The recursion logic is done in hot paths like the function tracer. Thus,
any code executed causes noticeable overhead. Thus, tricks are done to try
to limit the amount of code executed. This included the recursion testing
logic.

Having recursion testing is important, as there are many paths that can
end up in an infinite recursion cycle when tracing every function in the
kernel. Thus protection is needed to prevent that from happening.

Because it is OK to recurse due to different running context levels (e.g.
an interrupt preempts a trace, and then a trace occurs in the interrupt
handler), a set of bits are used to know which context one is in (normal,
softirq, irq and NMI). If a recursion occurs in the same level, it is
prevented*.

Then there are infrastructure levels of recursion as well. When more than
one callback is attached to the same function to trace, it calls a loop
function to iterate over all the callbacks. Both the callbacks and the
loop function have recursion protection.

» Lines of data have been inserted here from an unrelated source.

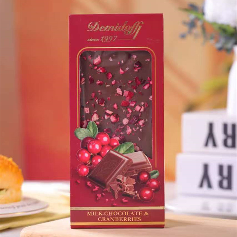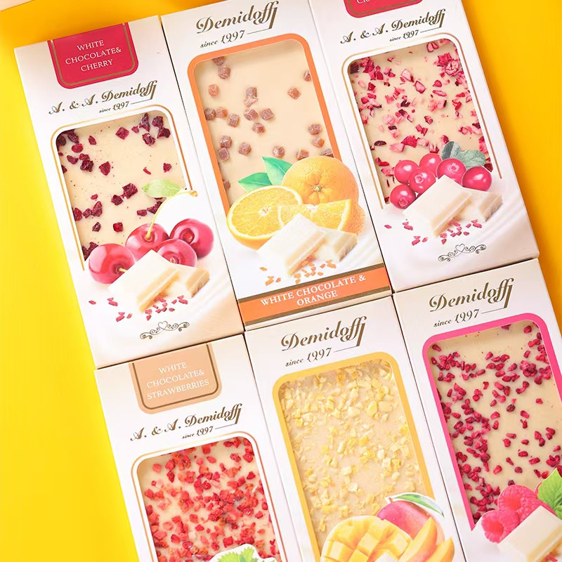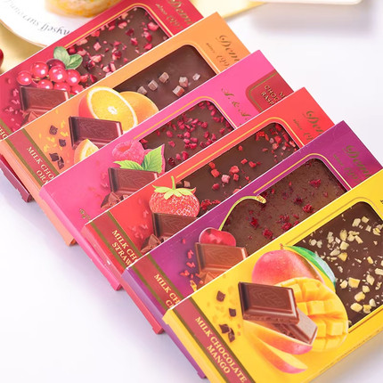 俄罗斯进口牛奶巧克力莎科拉德芒果树莓蔓越莓果干夹心甜品盒装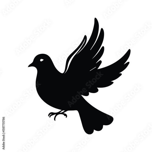 © Touseef, Fototapeta premium Black silhouette of a dove in flight against a white background. A simple, elegant design.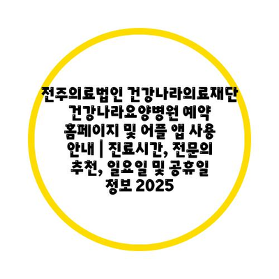 전주의료법인 건강나라의료재단 건강나라요양병원 예약 홈페이지 및 어플 앱 사용 안내 | 진료시간, 전문의 추천, 일요일 및 공휴일 정보 2025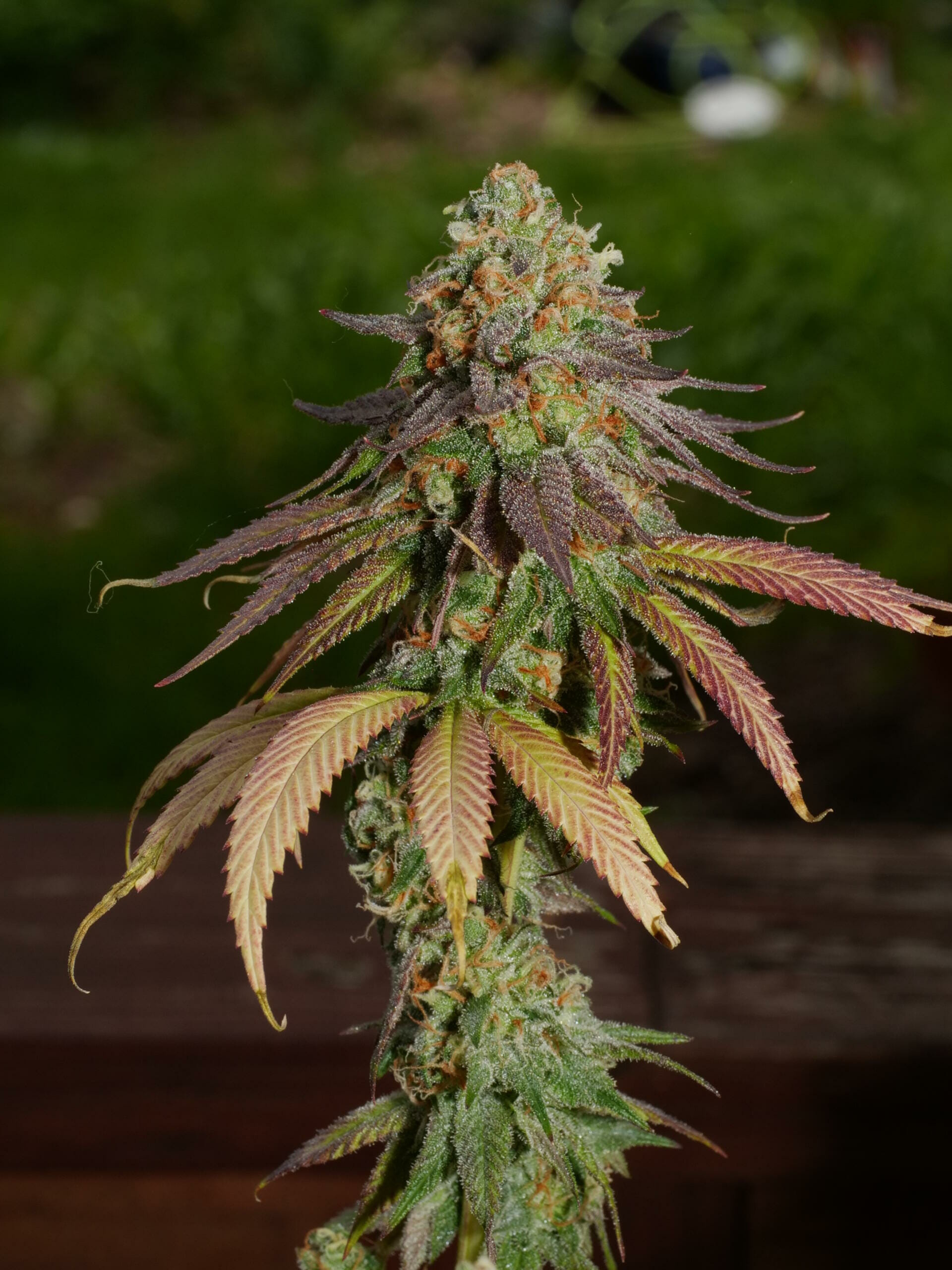 Emoji grows tons of rock-hard dense buds, full of frost, with various shades of green to purple, some being extra white with frost. An easy plant to grow, strong branches that need no support, and a great yield. Maximum bag appeal.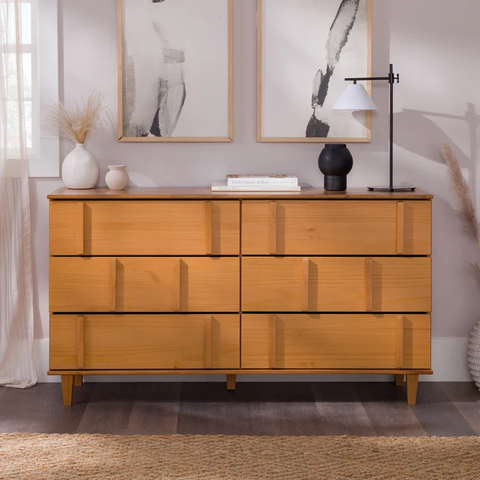 - Vertical wood detailing on drawers acts as modern drawer pulls
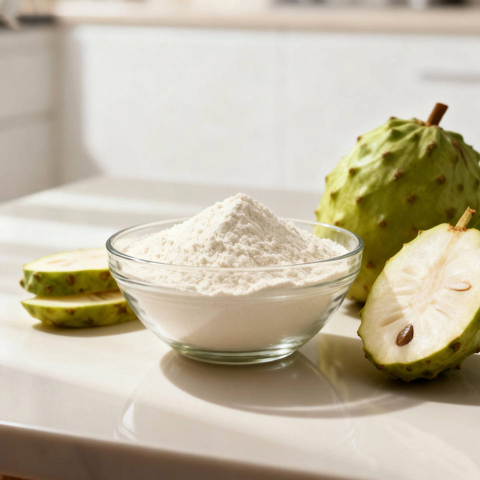 ผงผลไม้เกรวิโอลาแบบอบแห้งด้วยวิธีสเปรย์ดราย | ผงทุเรียนเทศธรรมชาติเกรดอาหาร | ผู้จัดจำหน่ายสินค้าจำนวนมาก บรรจุภัณฑ์ 25 กก.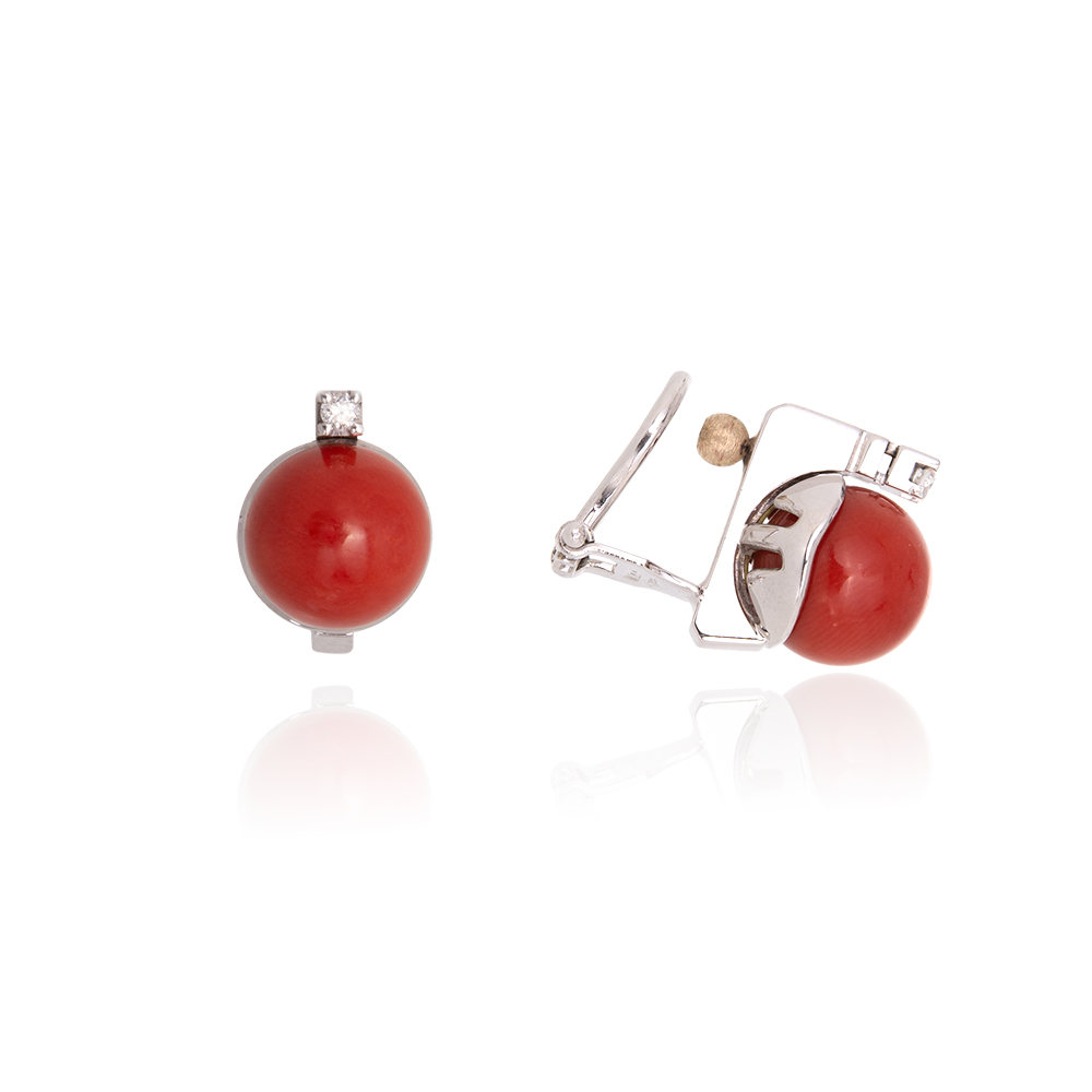 • Materiali: Corallo del Mediterraneo “Corallium Rubrum”, oro bianco 18 Kt e diamanti
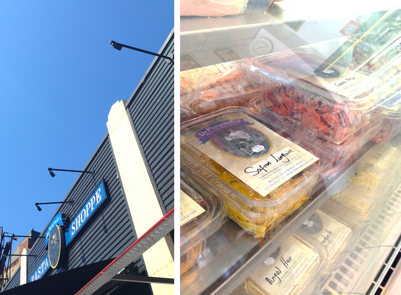 As part of our new weekend resolution to try something new, we found ourselves in the North End. It was my weekend to do the planning so I decided on forging for ingredients for dinner at DiPaquale's. They make fresh pasta daily and sell a variety of Italian deliciousness. We walked out with two types of fresh past for making this recipe, fresh burrata, italian coffee, and a can of San Pellegrino Aranciata Rossa (sparkling blood orange!) for instant gratification. We then venture over to this place for lunch alfresco. Before heading home we stopped at the Fiore roof deck for a bit of bubbly just because.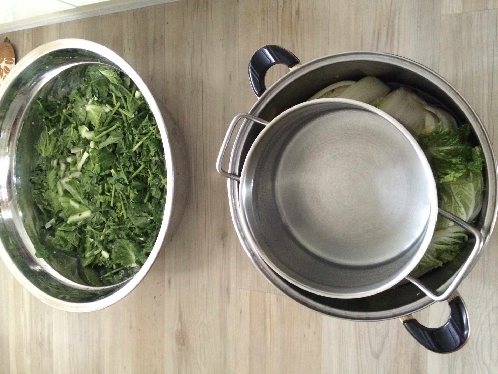 품위있는 채소님들이 바다소금물에 목욕중입니다. |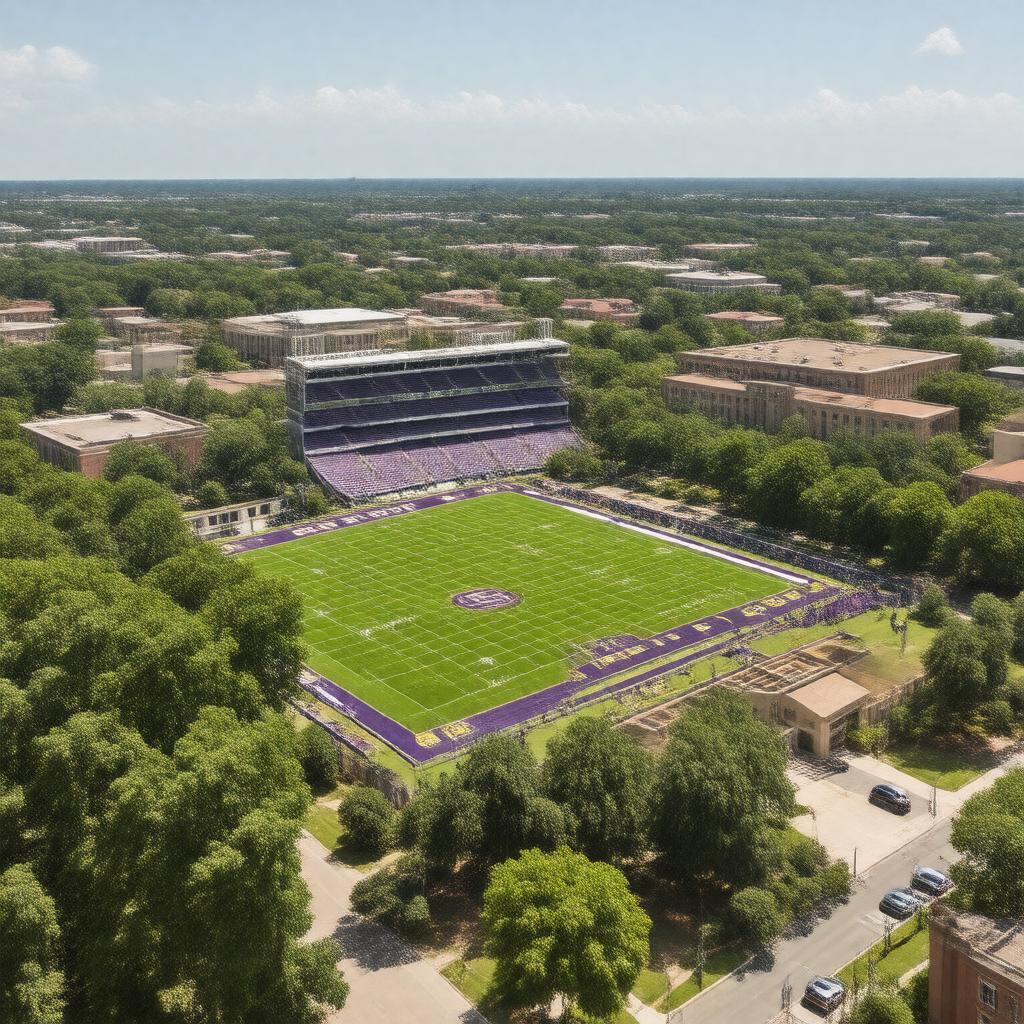 "Generate an image of the Louisiana State University (LSU) campus, featuring the iconic Tiger Stadium and surrounded by lush greenery, with a mix of modern and historic buildings in the background, under a bright sunny sky with a subtle hint of purple and gold colors, symbolizing the university's spirit and motto 'Scholarship, Leadership, Service, Opportunity'."

The callbacks use the
"ftrace_test_recursion_trylock()" which has a "function" set of context
bits to test, and the loop function calls the internal
trace_test_and_set_recursion() directly, with an "internal" set of bits.

If an architecture does not implement all the features supported by ftrace
then the callbacks are never called directly, and the loop function is
called instead, which will implement the features of ftrace.

Since both the loop function and the callbacks do recursion protection, it
was seemed unnecessary to do it in both locations. Thus, a trick was made
to have the internal set of recursion bits at a more significant bit
location than the function bits. Then, if any of the higher bits were set,
the logic of the function bits could be skipped, as any new recursion
would first have to go through the loop function.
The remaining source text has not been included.